• _Work instruction_: Exclude every picture and return the remaining entries below verbatim.

• _Data in this exercise_:
════════

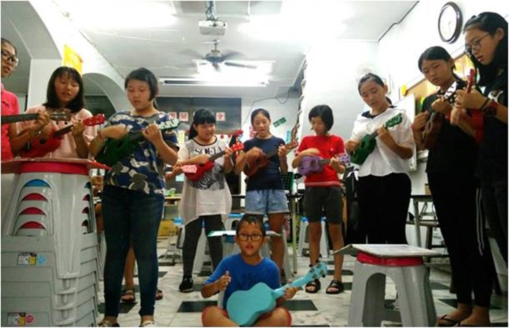 ( 國小學童烏克麗麗班,現在已能外出組曲自彈自唱演出 )
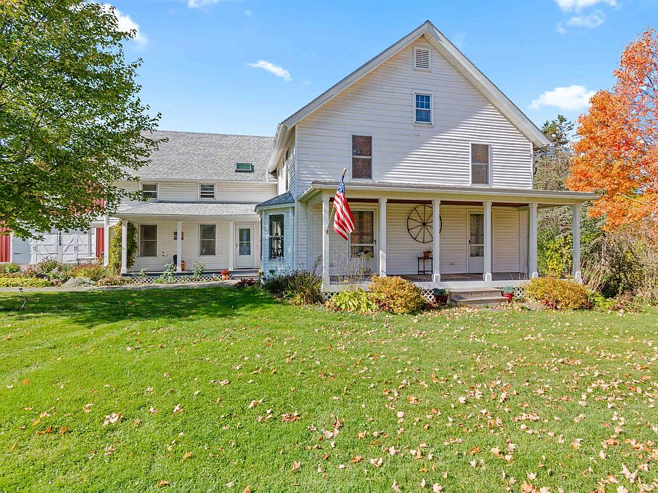 Welcome home! This Vermont farmhouse set on over 55 acres near Elm Hill Farm will leave you breathless. The vintage details are unmatched including wide-plank wood floors throughout, original sliding pocket doors, vintage light fixtures, board-and-batten walls, and a charming checkered tile entry. A spacious foyer welcomes you into the main level, open to a formal sitting room which transitions into the formal dining space. The kitchen offers easy flow to both formal and casual dining spaces, creating a perfect layout for everyday living and entertaining. An additional cozy family room centers around a hand-laid stone fireplace. Large windows fill the living areas with natural light, a main-level office provides flexibility for remote work, creative space, or study. Upstairs, four generous bedrooms & two full baths provide peaceful retreats with classic farmhouse character and ample storage. Outside, two covered front porches invite quiet moments and seasonal enjoyment. A new barn-style garage with concrete floor offers great space for storage, workshop use, or hobbies. The 55-acre parcel includes open pasture currently hayed by a local farmer and borders Vermont-protected wetlands that enhance the natural views and privacy. A separate-entry apartment offers flexible living or income potential. Great opportunity for multi-generational living or a family homestead. Recent updates include a newer furnace, windows, roof and central AC. Conveniently located near in Colchester VT.
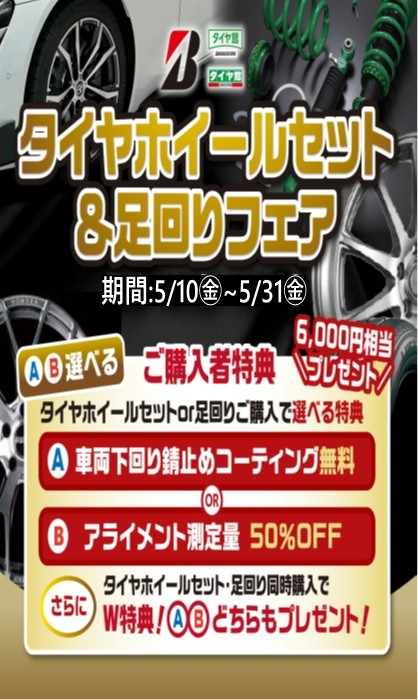 お知らせ】5/10(金)~5/31(金) タイヤホイールセット&足回りフェア開催決定!!
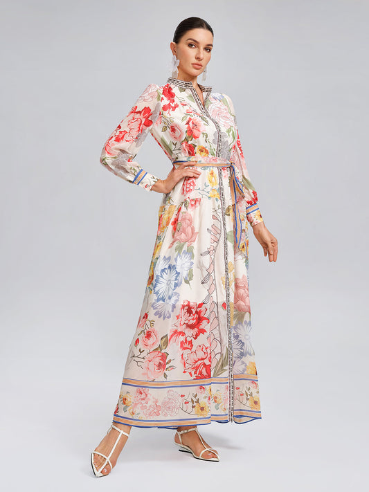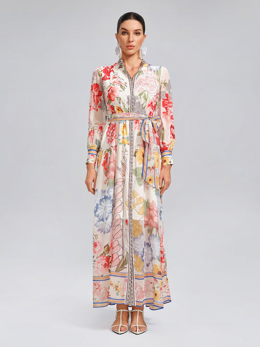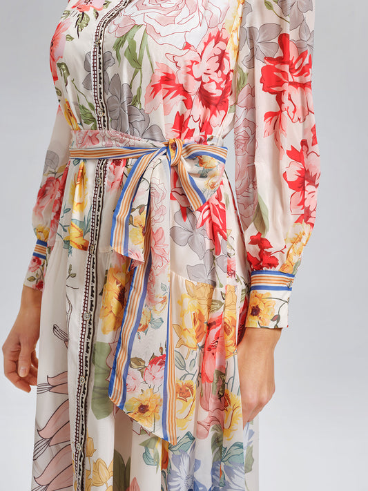 Çiçek Desenli Yüksek Bel Gömlek Elbise
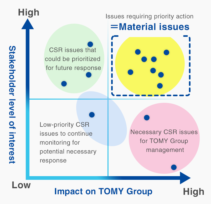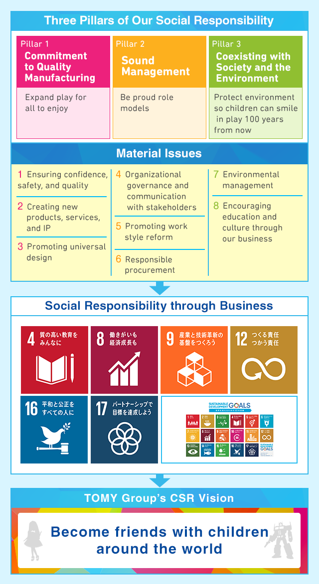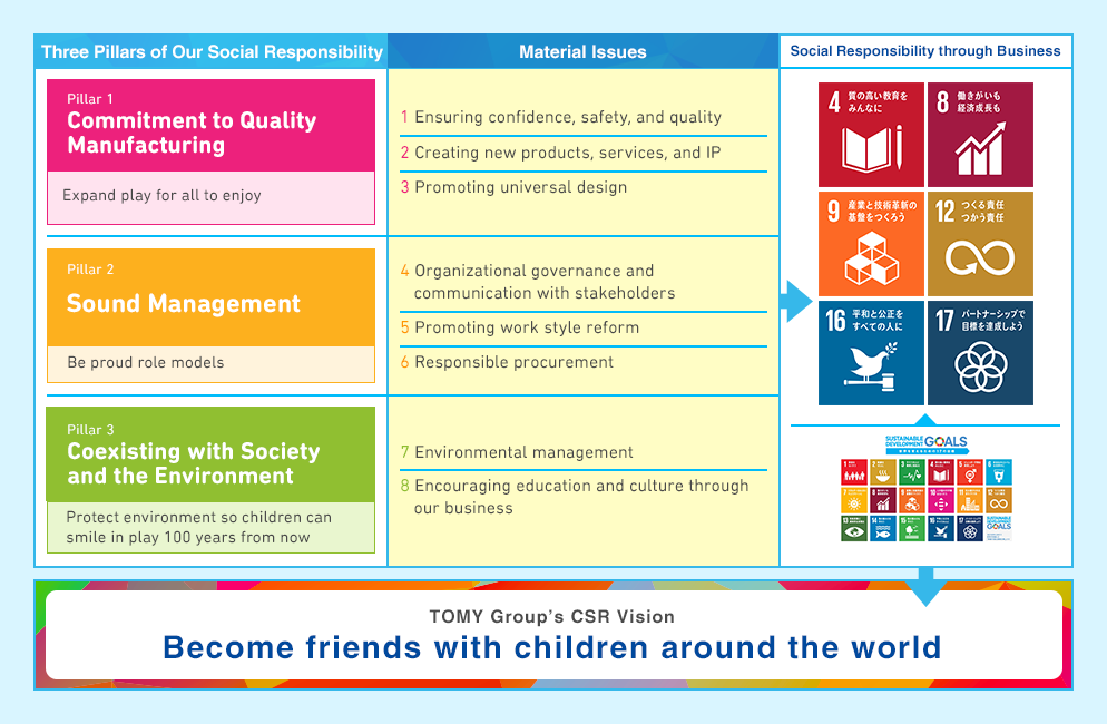 The TOMY Group has defined eight material issues for achieving its CSR vision of
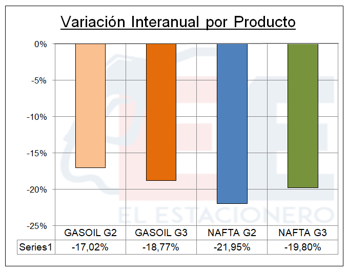 Si analizamos la variación de las ventas de cada producto en particular, se advierte que los porcentajes tienden a emparejarse, a diferencia de lo ocurrido en meses anteriores en que la caída de las naftas era mucho mayor que las de los gasóleos.
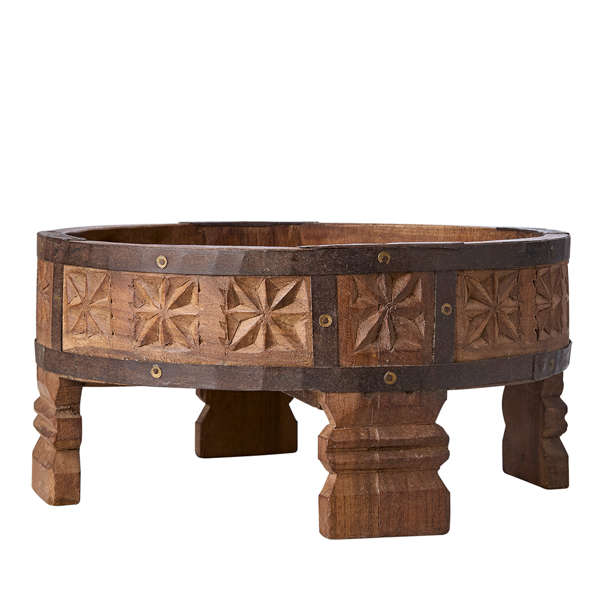 Ett vackert litet indiskt så kallat chakki-bord i karvat trä med dekorativa metallbeslag. Den runda formen och de snidade mönstren ger det en tilltalande, genuin karaktär.
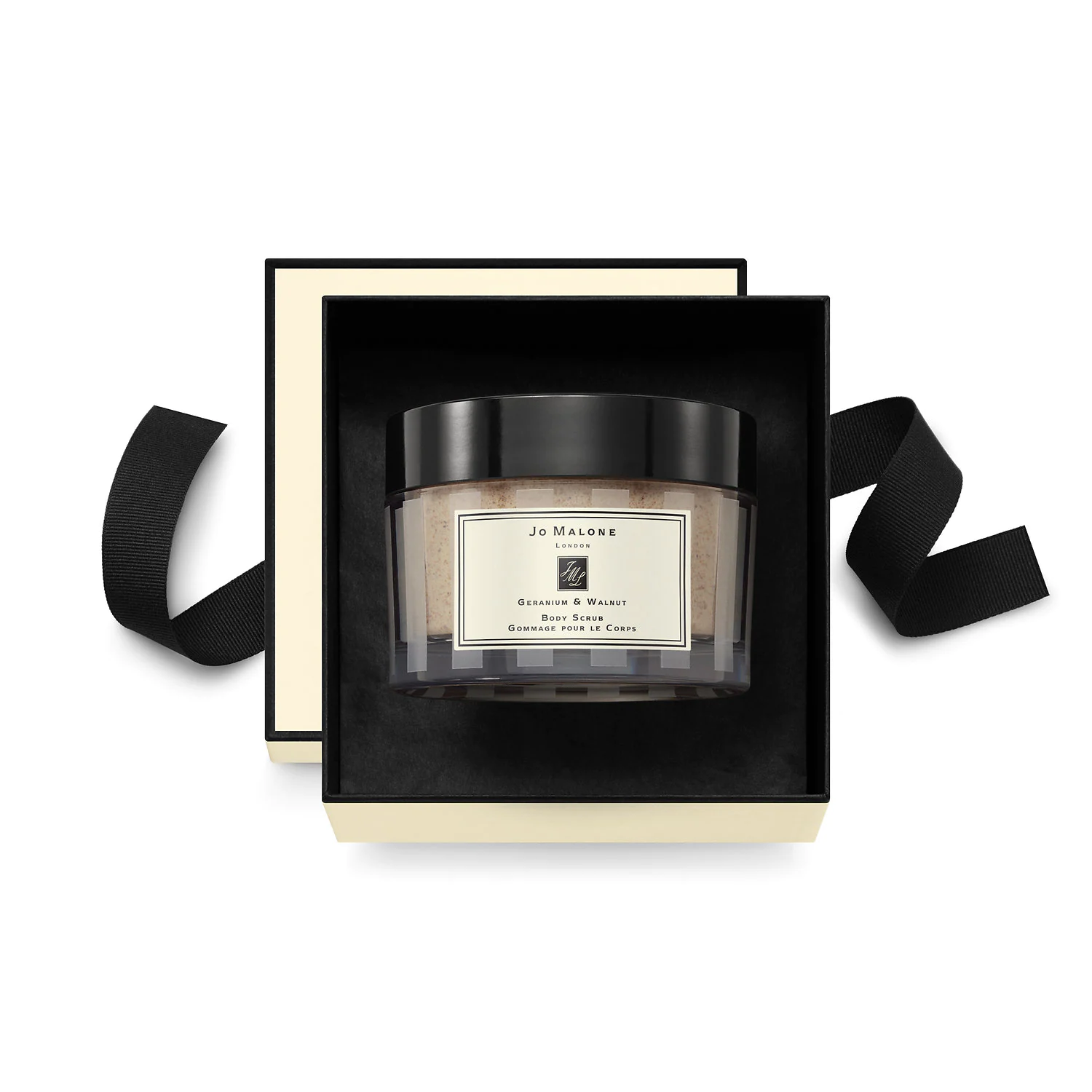 Dòng sản phẩm tẩy tế bào chết toàn thân Jo Malone London Geranium & Walnut Body Scrub với tinh chất từ vỏ quả óc chó và dầu hướng dương sẽ giúp loại bỏ hoàn toàn lớp da chết trên da, giúp làn da đang thô ráp, xỉn màu trở nên trắng sáng và mịn màng hơn rất nhiều. Sản phẩm này của Jo Malone đã giành giải thưởng Best of Beauty 2018 trong hạng mục những sản phẩm tẩy tế bào chết tốt nhất.

════════

• _Your response_:
 ( 國小學童烏克麗麗班,現在已能外出組曲自彈自唱演出 )
 Welcome home! This Vermont farmhouse set on over 55 acres near Elm Hill Farm will leave you breathless. The vintage details are unmatched including wide-plank wood floors throughout, original sliding pocket doors, vintage light fixtures, board-and-batten walls, and a charming checkered tile entry. A spacious foyer welcomes you into the main level, open to a formal sitting room which transitions into the formal dining space. The kitchen offers easy flow to both formal and casual dining spaces, creating a perfect layout for everyday living and entertaining. An additional cozy family room centers around a hand-laid stone fireplace. Large windows fill the living areas with natural light, a main-level office provides flexibility for remote work, creative space, or study. Upstairs, four generous bedrooms & two full baths provide peaceful retreats with classic farmhouse character and ample storage. Outside, two covered front porches invite quiet moments and seasonal enjoyment. A new barn-style garage with concrete floor offers great space for storage, workshop use, or hobbies. The 55-acre parcel includes open pasture currently hayed by a local farmer and borders Vermont-protected wetlands that enhance the natural views and privacy. A separate-entry apartment offers flexible living or income potential. Great opportunity for multi-generational living or a family homestead. Recent updates include a newer furnace, windows, roof and central AC. Conveniently located near in Colchester VT.
 お知らせ】5/10(金)~5/31(金) タイヤホイールセット&足回りフェア開催決定!!
 Çiçek Desenli Yüksek Bel Gömlek Elbise
 The TOMY Group has defined eight material issues for achieving its CSR vision of
 Si analizamos la variación de las ventas de cada producto en particular, se advierte que los porcentajes tienden a emparejarse, a diferencia de lo ocurrido en meses anteriores en que la caída de las naftas era mucho mayor que las de los gasóleos.
 Ett vackert litet indiskt så kallat chakki-bord i karvat trä med dekorativa metallbeslag. Den runda formen och de snidade mönstren ger det en tilltalande, genuin karaktär.
 Dòng sản phẩm tẩy tế bào chết toàn thân Jo Malone London Geranium & Walnut Body Scrub với tinh chất từ vỏ quả óc chó và dầu hướng dương sẽ giúp loại bỏ hoàn toàn lớp da chết trên da, giúp làn da đang thô ráp, xỉn màu trở nên trắng sáng và mịn màng hơn rất nhiều. Sản phẩm này của Jo Malone đã giành giải thưởng Best of Beauty 2018 trong hạng mục những sản phẩm tẩy tế bào chết tốt nhất.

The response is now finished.